The project uses Docker to handle the server and database, make
to improve the dev experience, PHP as our backend language, and csv2xlsx, a Go library that converts CSV files into XLSX. I've also replaced the zip library with tar
, as its performance is very good and it comes pre-installed in the Docker image.
This is a demo of an app for business owners, allowing them to monitor their shops. Another special feature is enabling users to make a commission with friends, so we need to aggregate data from multiple tables to show who took part in a commission and their reviews.
We export all of the commissions that occurred in all of the shops of a given owner, totaling 500,000 rows (with 10 columns) per shop. The process probably has much higher capabilities, but I was satisfied with this result.

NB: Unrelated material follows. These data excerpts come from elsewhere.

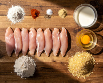 Working with one piece at a time, coat a chicken strip thoroughly in the seasoned flour mixture, shaking off any excess. Next, dip it into the buttermilk-egg mixture, letting the excess drip back into the bowl. Finally, press the strip firmly into the panko breadcrumbs, coating all sides evenly. Transfer the breaded strip to the wire rack. Repeat with all remaining pieces.
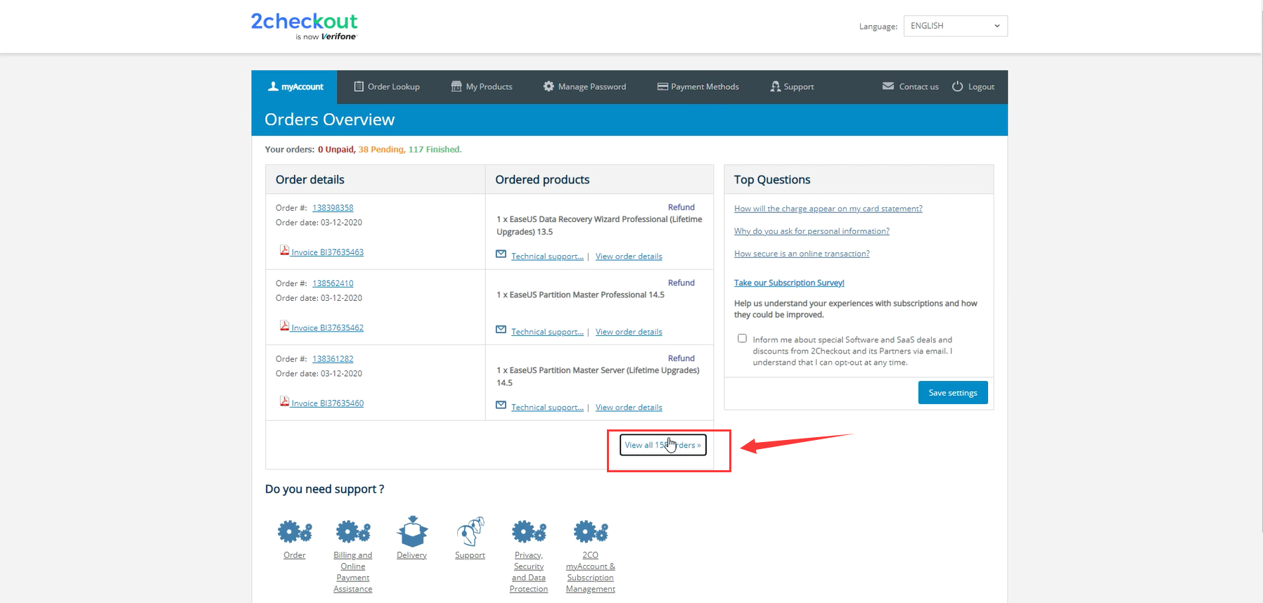 Step 4. After logging into MyAccount, click View all XXX orders to get a list of all your 2Checkout orders.
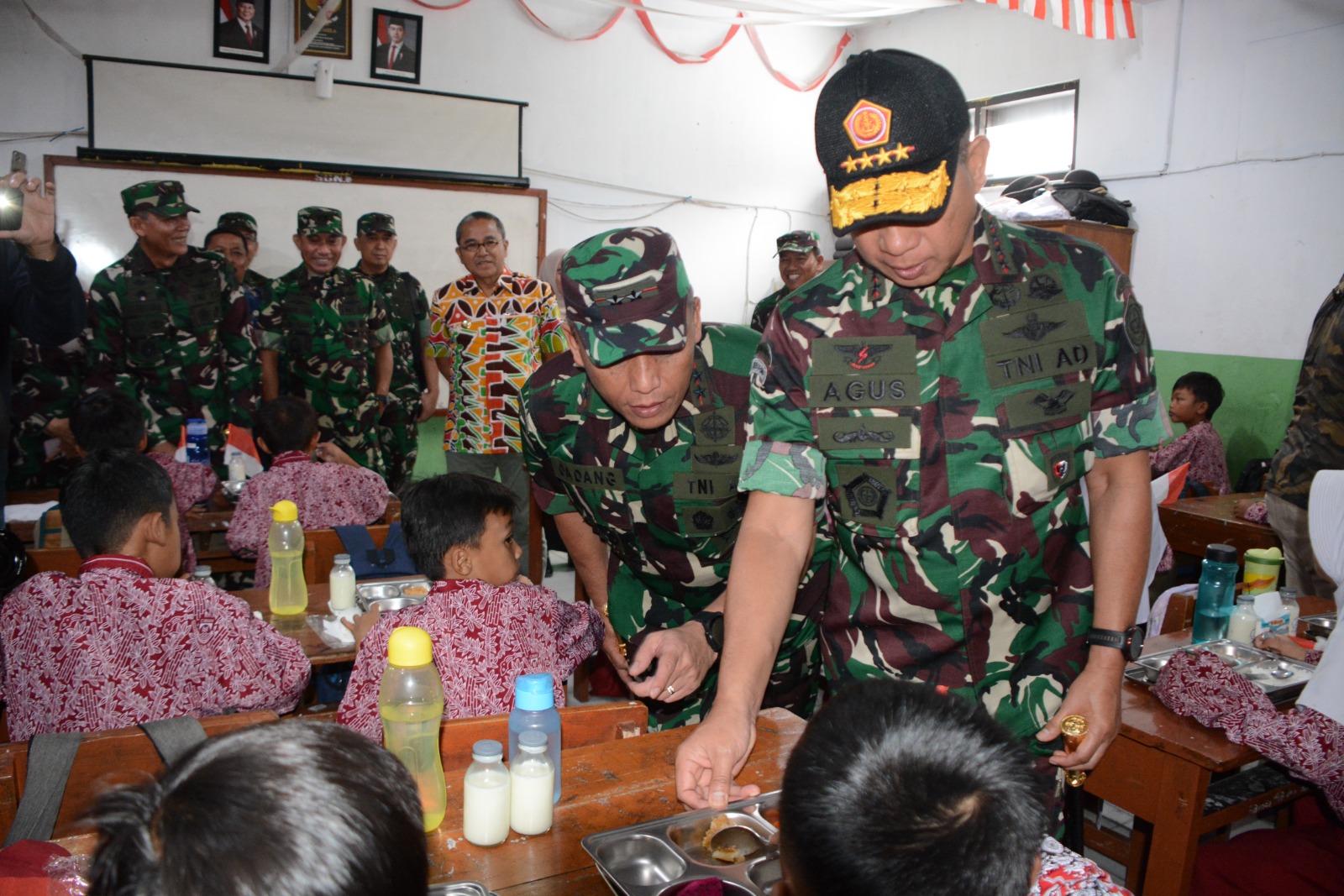 Pada kesempatan tersebut, Panglima TNI masuk dan melihat suasana kelas saat anak-anak menikmati menu MBG.
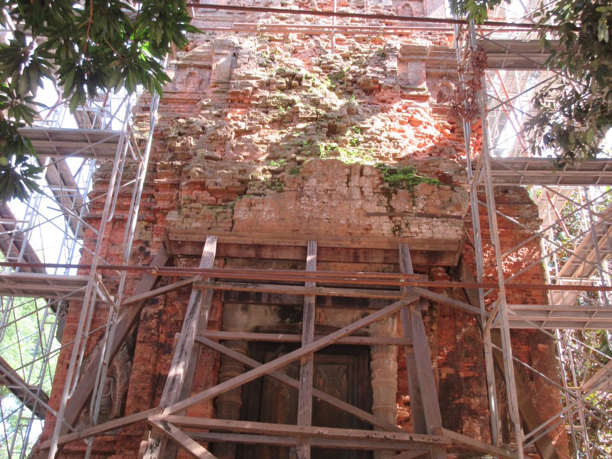 ロリュオス遺跡はアンコール遺跡群よりも古い時代のレンガ作りの遺跡です。レンガの上にかぶせた漆喰の跡なども残っており、すごく面白い遺跡です。
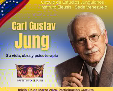 En este ciclo del Círculo de Estudios del Instituto Eleusis - Sede Venezuela nos adentraremos a la Vida, Obra y Psicoterapia de Carl Gustav Jung, basados en el libro de Pilar Quiroga. Haremos un recorrido por las principales etapas e ideas del desarrollo de Jung: Psiquiátrica, Psicoanalítica, Punto de Inflexión, Madurez y Últimos desarrollos.
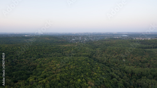 © sergeytay, Fototapeta premium Green forest and many trees from a height.
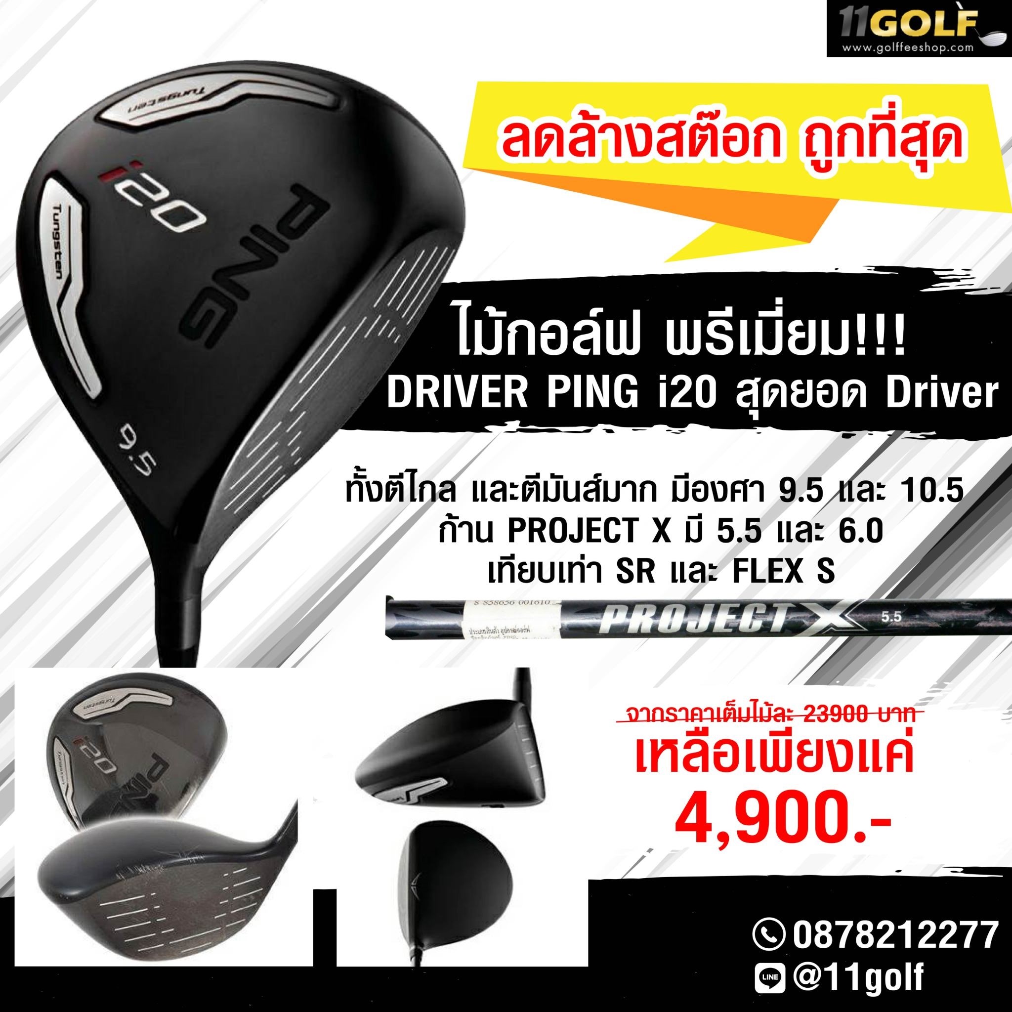 DRIVER PING i20 สุดยอด Driver ทั้งตีไกล และตีมันส์มาก มีองศา 9.5 และ 10.5 ครับผม ก้าน PROJECT X มี 5.5 และ 6.0
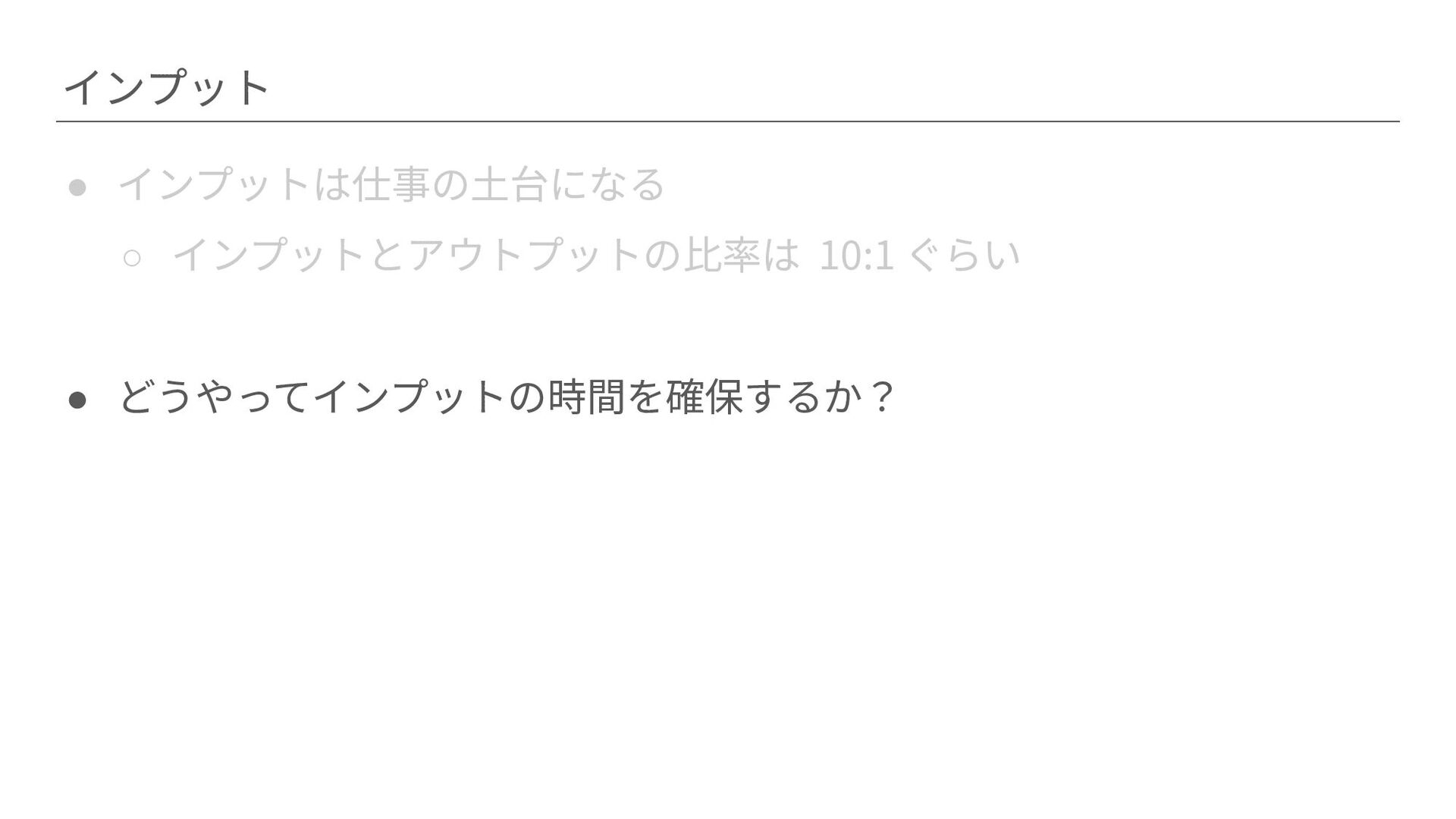 インプット • インプットは仕事の⼟台になる ◦ インプットとアウトプットの⽐率は 10:1 ぐらい • どうやってインプットの時間を確保するか? →
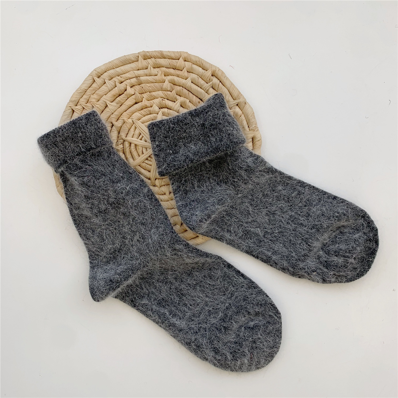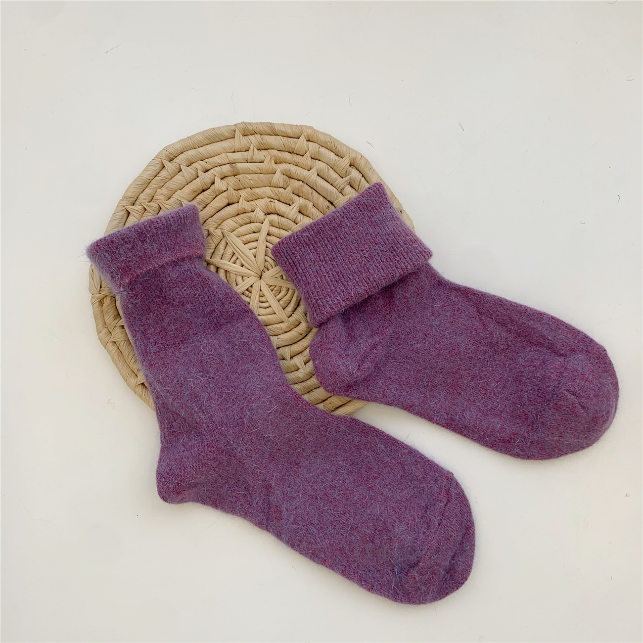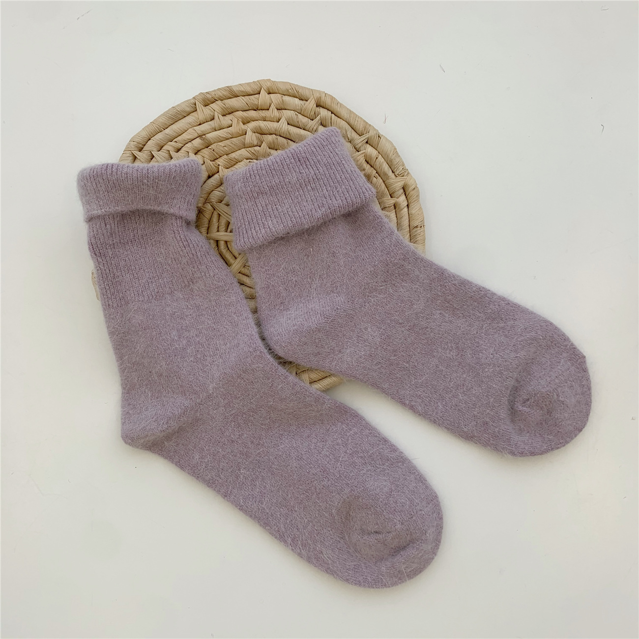 Thickening Warm Solid Color Rabbit Fur Women's Socks
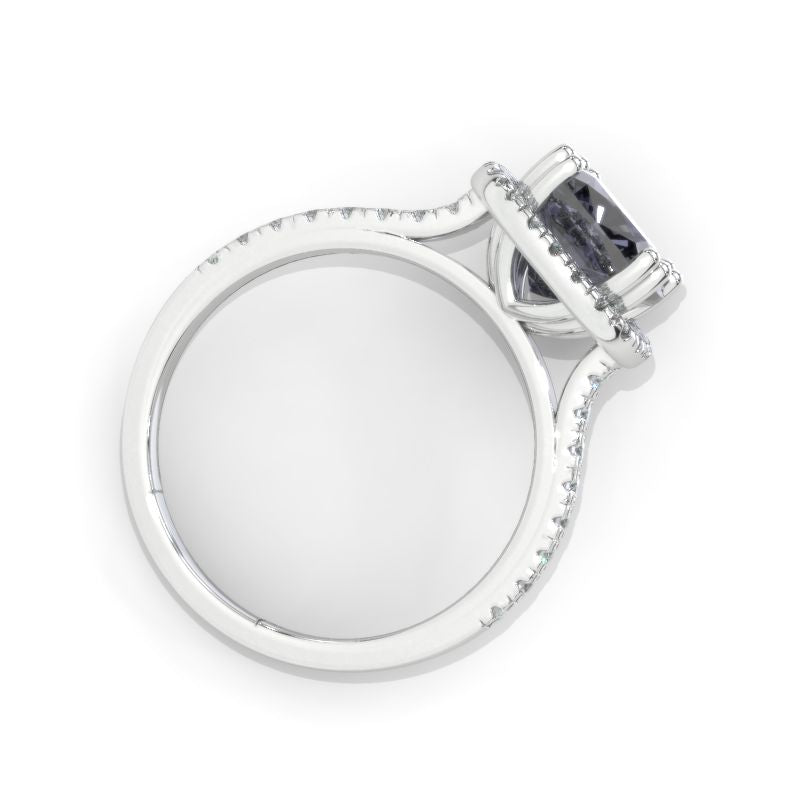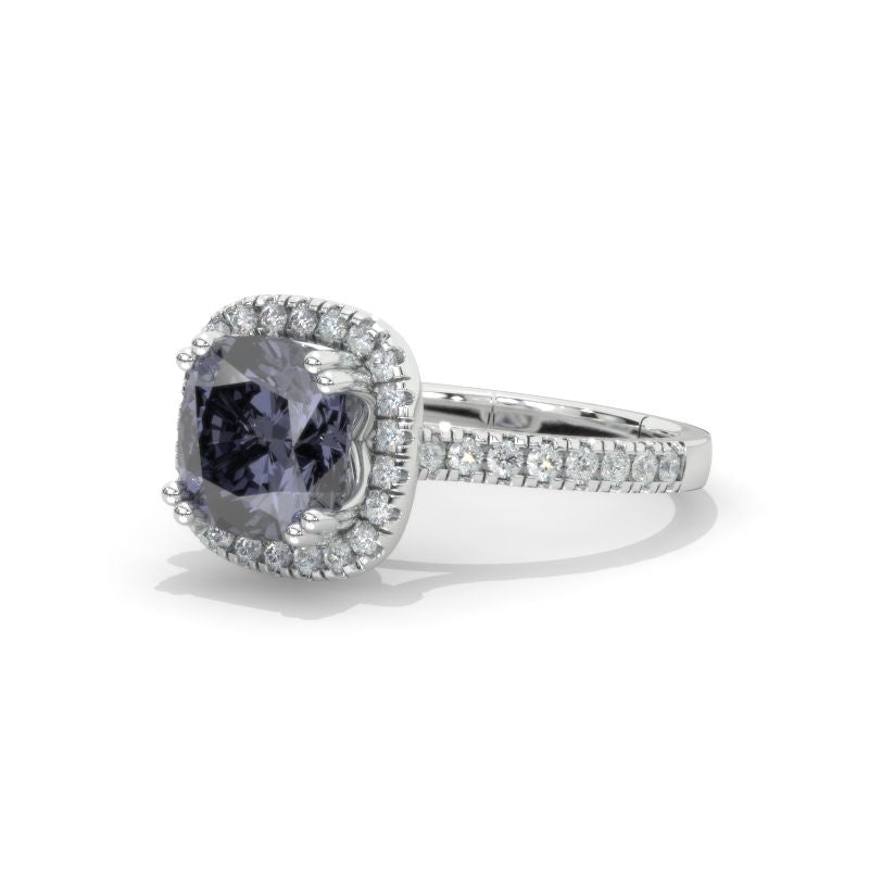 2.5 Carat Cushion Dark Gray Blue Moissanite Halo Engagement Ring. Vict - Giliarto
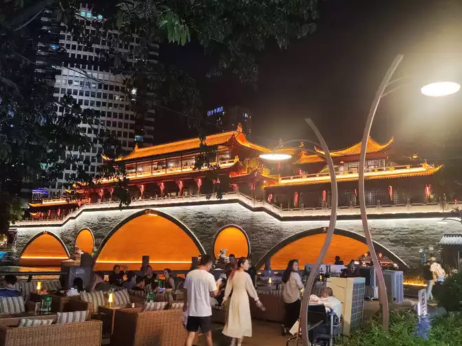 After eating hot pot, we took a taxi to Jiuyan Bridge, where there is a bar street by the river and a night view. When we arrived at our destination, we strolled by the river and went to count the bridge holes of the Nine Eyes Bridge, and found that we couldn't count the nine eyes. Later, I checked the information and found out that the Nine Eyes Bridge was built in the Ming Dynasty, and there were indeed nine caves under the bridge. In 1992, the old bridge was demolished due to flood discharge, and the new bridge is now 1.9 kilometers away from the original bridge and was completed in November 2001. There is also a legend about the Nine Eyes Bridge, when Zhang Xianzhong was defeated in Sichuan, he hid gold and silver jewelry in the area of the Nine Eyes Bridge, and in the 30s of the 20th century, stone cows and stone drums were salvaged from the bottom of the river. The Jiuyanqiao area is one of the "Eight Beautiful Night View Check-in Places in Chengdu" and is the pearl of Chengdu's night scene. We walked west along a street of bars by the river, the sky was getting dark, and on the side of the road were contiguous bars, colorful neon lights were lit up, and the resident singers inside had begun to play and sing, and the melodious and beautiful singing was endless. There is also a bridge on the west side of the Nine Eyes Bridge called "Anshun Covered Bridge", which also has a long history, the original building can be traced back to the Yuan Dynasty, and in Marco Polo's travelogue, the Anshun Covered Bridge is one of the four bridges that he is more impressed with. Of course, now the bridge is also redesigned and built, and it was only completed in 2003, with the style of the Ming and Qing dynasties. At night, the lights on the bridge are on, the roof and bridge holes are golden yellow, the bricks on the bridge are bright white, and the pillars under the eaves are red, and from a distance, the lines are beautiful and dazzling. Walking on the riverside path, blowing the river breeze, listening to music, and enjoying the night view, it was so pleasant to end the day's tour.
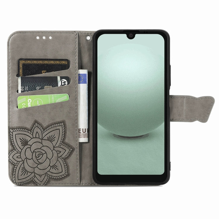 Funda de Cuero para Sharp Aquos Wish 3 Butterfly Love Flower en Relieve (Gris)
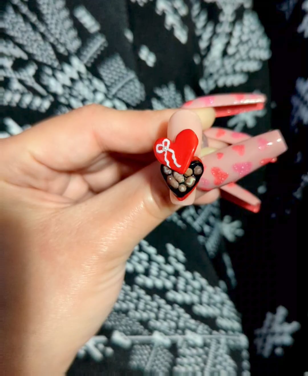 I'm quite excited about how my little heart shaped box of chocolates turned out.🤩 Handmade with solid builder gel, gel polish& one little flatback pearl bead.😊💅🏼 by shrrreddit
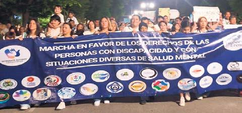 Durante el trayecto familias portaron pancartas con frases como “La inclusión no es un favor, es un derecho” y “Nada sobre nosotros sin nosotros”.
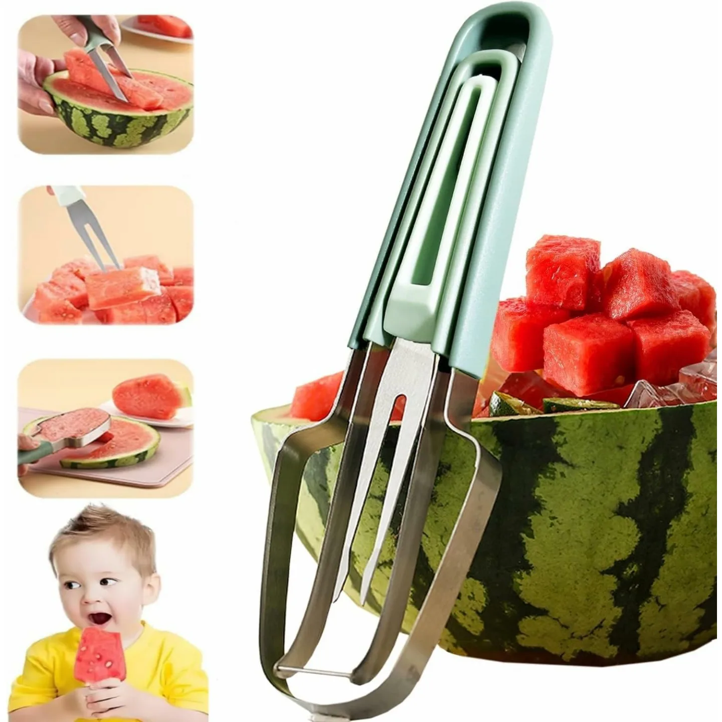 3-in-1 Watermelon Cutter Slicer Tool - Easy Melon Cutting & Serving

- Select Shop ID: Landing at
localhost:3000/html/index.php
, you can select the ID of a shop. - Request Export: Make a POST request with the ID of the shop's owner.
- Create Temporary Folders: Create temporary folders for handling the files needed for the export. This folder uses the current timestamp to ensure uniqueness, allowing multiple exports to occur simultaneously.
- Create a Temporary View: Create a temporary view of the complete data we want to export. This makes subsequent accesses to the data quick and opens the door to breaking up our data into chunks and streaming it to the backend.
- Process Data in Chunks: Retrieve chunks of 100,000 rows using a generator; push the rows one by one through another generator to format them and then stream them to disk in a CSV file.
- Generate XLSX File: Use the Go library
csv2xlsx
to obtain an XLSX file containing a sheet for each shop, each containing all of its commissions. - Zip and Send the File: Use
tar
to zip the file efficiently and send it to the client.
You need to have make
and docker
installed on your machine.
Docker will take care of installing PostgreSQL and PHP (along the GO library dependency).
You can start the project by calling
make
This will bring up the containers and seed the database. You can monitor for the database status by running:
docker compose logs -f database
After seeding has completed, you can visit localhost:3000/html/index.php
, select the id and run the export. It will take a bit of time depending on your machine (11 minutes on my machine) and download the file once its done.
When you want to shut down the process, you can press 'q' or run from another terminal
make stop
You can look at the folder where index.php
is located to see the process at work, building temporary folders and files, putting them together, zipping and then cleaning up.
You can use the scripts in /bin
to inspect the database.
./bin/connect-db.sh
This calls psql
under the hood to connect you to the db used in the app.
Since we are breaking the data coming from the DB into chunks and streaming it to disk, the current bottlenecks are the csv2xlsx library (if it doesn't stream data to the xlsx file) and PostgreSQL's memory.